In response to the CLG Committee’s report into 100 per cent retention of business rates, Cllr Neil Clarke MBE, chairman of the District Councils’ Network (DCN) said: “The DCN welcomes this timely report to which we contributed evidence and is keen to ensure that the business rates system supports increased business growth – while ensuring funding stability for localities in the long-term so districts can continue to drive regional growth and deliver those services that residents value the most.
“The DCN endorses the Committee’s proposal with regard to framing the conversation of additional responsibilities around principles rather than a more random list of specific responsibilities. The DCN is keen to, as part of its work in the DCLG/LGA steering groups, support this more thematic approach to development of new responsibilities for local government, for example in relation to creating employment and driving housing growth.
“The report also highlights the need to review the share of business rates in district/county areas and a future needs reassessment. We are committed to ensure that any new system should be designed around ‘place’ and delivering better outcomes for communities, rather than on a focus on institutions.

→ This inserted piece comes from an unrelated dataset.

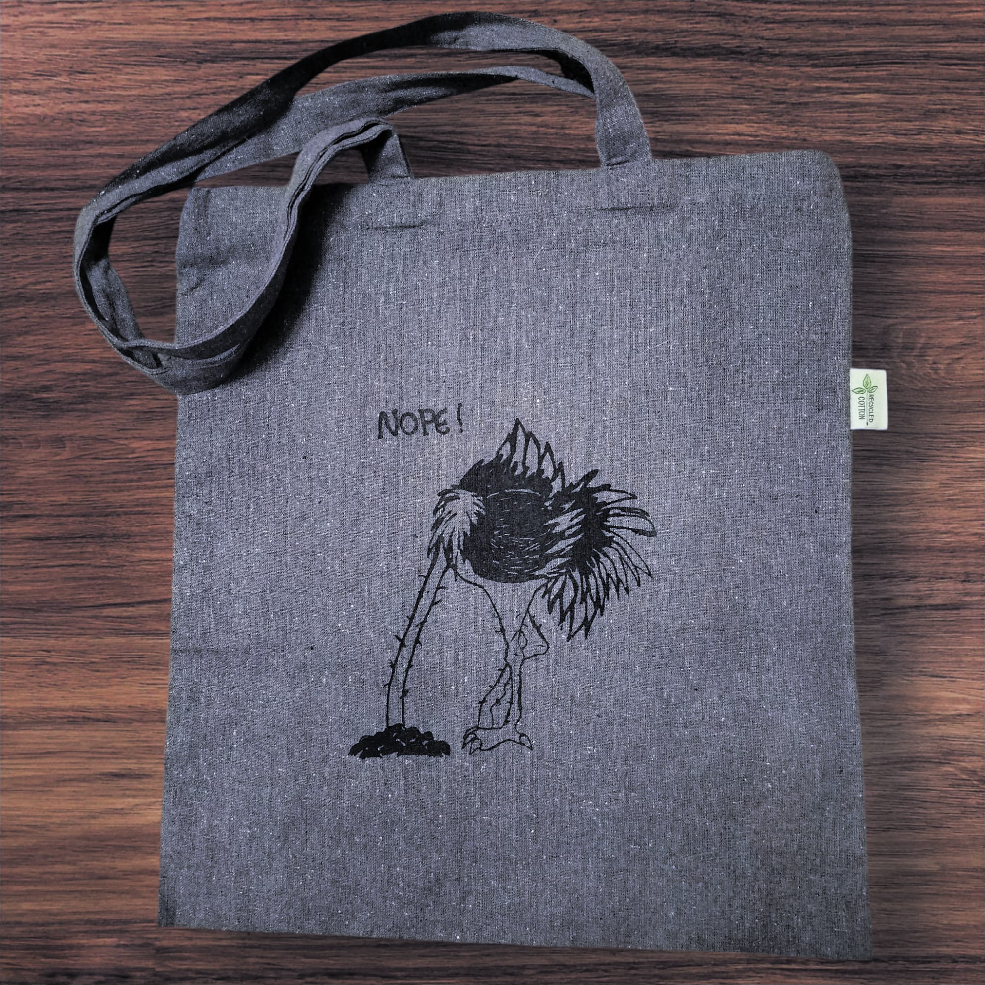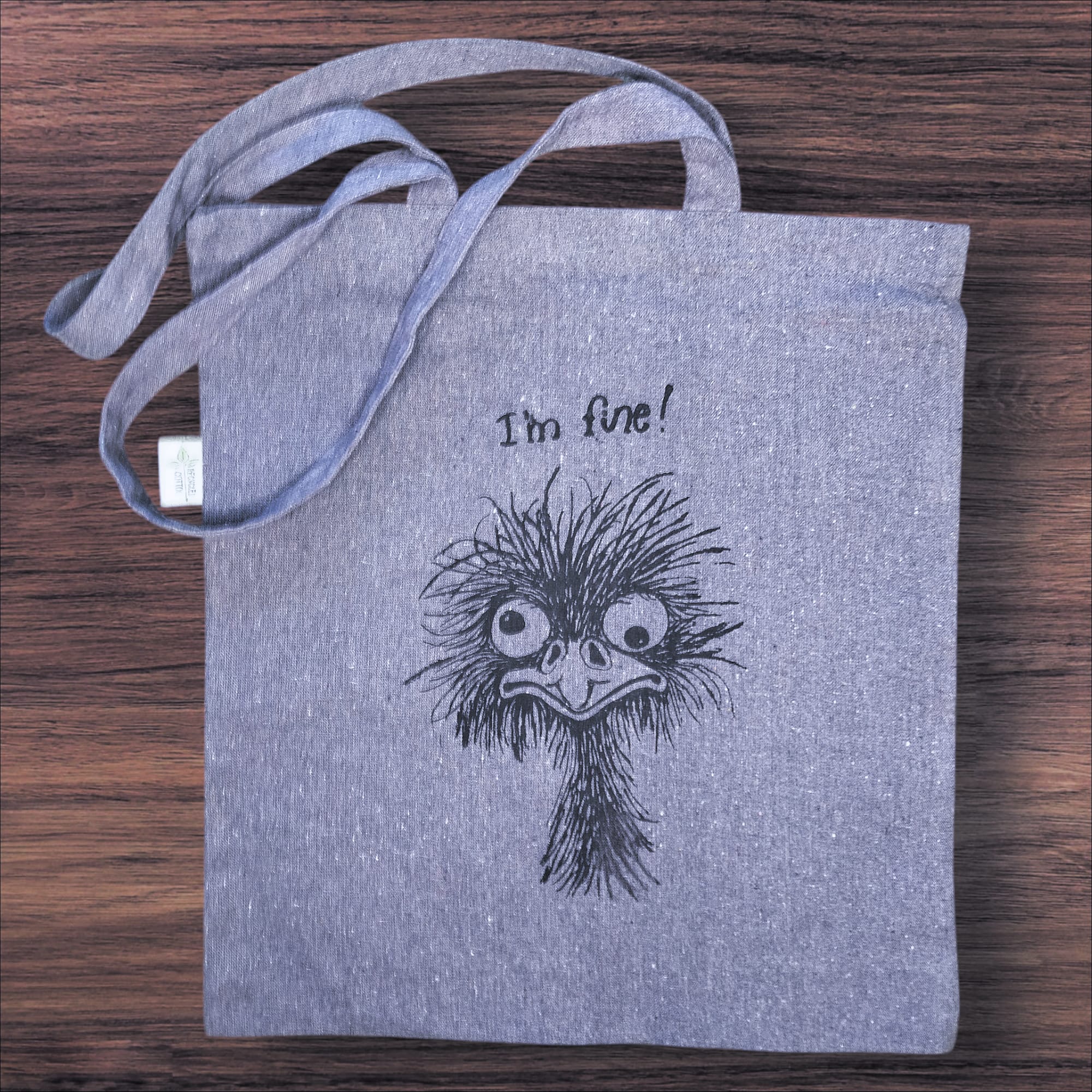 Käsin silkkipainotekniikalla painettu kangaskassi. 100% kierrätettyä puuvillaa eli pinta on ihanan eläväinen, siniharmaa ja kangas on napakka. Väritetty kangastusseilla, värit saattavat vaihdella.

“The DCN supports the collaboration between the government and the wider local government family to develop the new business rates model, and is represented on the DCLG/LGA business rates steering groups. As well as this the DCN has formed a working group with the County Councils Network, the Rural Services Network and CIPFA to develop a collaborative local government solution to the issues raised.
“Nonetheless the DCN is clear that the business rates should not be used just to conveniently glue together immediate funding gaps in adult social care. Instead we need to look at more long-term solutions, such as the important role of preventative services, to develop sustainable local government revenue streams that both support those residents that need our help the most and continue to drive national economic growth.
“There is a dynamic balance to be struck between needs, growth, incentives, stability and resources, and this complex line of best fit must be designed with the long-term sustainability of local government finance firmly in view.”